У будки мастер звякнул вытащенной из кармана связкой, со второго раза подобрал нужный ключ, открыл замок, впихнул внутрь Лену, прикрыл за собой дверь. Бригадной было страшно спрашивать, но она спросила:

– Что там, Никодимыч?

– Там, Стольникова, шиздец, – мастер добавил ещё пару аутентичных уральских лексических оборотов. – Там, Стольникова, воля нам наступила. Прям на горло.

– Ты толком давай, – страх у Лены добрался до кончиков онемевших пальцев.

– Часов с трёх на посёлке нет ни ментов, ни вольных. К вечеру прояснился расклад. Литейные нашли две канистры спирта в караулке, устроили праздник в третьей общаге. Потом, понятно, по вашу душу собрались, тилигенты. Всё, нишкни. Может и отсидимся.

Непонятное, страшное, тяжёлое так сдавило живот опытной исправленки общего статуса, бригадира трудового поселения Звезда-3 Лены Стольниковой, что нестерпимо захотелось в туалет. И закурить. Полезла за сигаретами, Никодимыч понял, прошипел: «Дура, что ли?» Лена нащупала в кармане недописанное письмо отцу: прошлой осенью исправленцам разрешили раз в год отправлять весточку родным. Как раз сегодня подошёл срок, собиралась дописать и бросить в цензурный ящик опеки, да вон оно как обернулось. Ноги отказались держать тело, и Лена опустилась на беспорядочно сваленный на пол шанцевый инструмент.

В щель чуть приоткрытой двери Дед Никодимыч пытался наблюдать за происходящим. Не отрываясь, шепнул: «Подбери мне чего-нибудь. Только тихо». Стольникова поняла, ощупала пространство вокруг себя, нашла штыковую лопату с коротко обломанным черенком. Мастер попробовал пальцем остроту заточки металла, покачал головой, вздохнул, но прихватил инструмент поудобнее к руке. Взглянул за дверь ещё раз, прошептал: «Человек двадцать собралось».

От общежития послышался звон разбитого стекла, пьяный гогот, женские крики. Разноголосый мат накрыл Звезду-3. «Воля наступила», – вспомнила Лена слова Никодимыча. Тот напрягся, отступил в сторону от двери, прижался спиной к металлической стене, прижал палец к губам. Свет от трёх фонарей приближался к дворницкой, пробиваясь в щель так, что можно было разглядеть грузную фигуру мастера.

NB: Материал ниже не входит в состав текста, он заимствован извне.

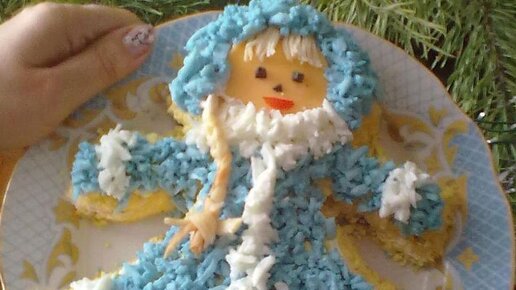 Салат слоеный, поэтому выкладываем на плоское блюдо слои по очереди в виде фигурки Снегурочки:
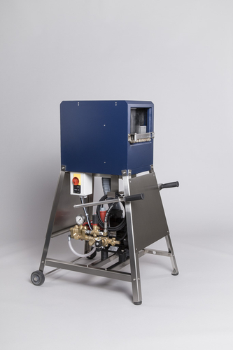 Die mobile Schlauch-Wasch-Maschine von PREY – kurz SWM – mit Hochdrucktechnik ist die wirtschaftlichste und robusteste ihrer Art. Die Druckleitungen sind mit praktisch wartungsfreien Flachstrahldüsen ausgestattet. Entsprechend verfügt das Gehäuse über keinerlei bewegliche Teile in der Nasszelle.

– Свежий след. Тут спряталась, жучка, – хриплый голос Лене был незнаком.

– Следствие ведут знатоки, – хихикнул Пашка Окунь, карщик из механического.

– Ну-ка, откроем чакры, – просипел ещё один незнакомец.

В открытую дверь ворвались лучи трёх фонарей, Лена прикрыла от света глаза рукой.

– Опаньки, да тут Стольникова, – обрадовался Окунь, отсвечивая лезвием ножа. – А ты мне всегда нравилась, Ленка. Снимай штаны, вставай раком. Я первый, мужики, по праву давнего знакомства.

У Лены свело челюсти, по ногам побежало тёплое и мокрое. Спазм не давал ни ответить, ни вздохнуть.

– Чо на морозе-то, потащили в общагу, – возразил сиплый. – Хоть разглядеть шалаву на свету.

– Ебать, и никаких гвоздей – вот лозунг мой и солнца, – взоржал хриплый и шагнул к Лене.

Дед Никодимыч рубанул его по затылку коротко, почти без замаха. Шагнул в проём навстречу слепящему свету и сразу осел, заваливаясь на спину обратно в будку, забулькал горлом.

– Сука, откуда он взялся! – панически взвизгнул Окунь.


С лезвия ножа капало тёмное. Кухонный, из столовой – разглядела Лена.

– Да хрен с ним, – не отвлекался от главного сиплый. – Развелось, блядь, Дубровских.

Шагнул к Стольниковой, потащил за волосы наружу через все ещё булькающего Никодимыча, бросил на чуть припорошенную свежим снегом землю, перевернул на живот, рывком поставил на четвереньки.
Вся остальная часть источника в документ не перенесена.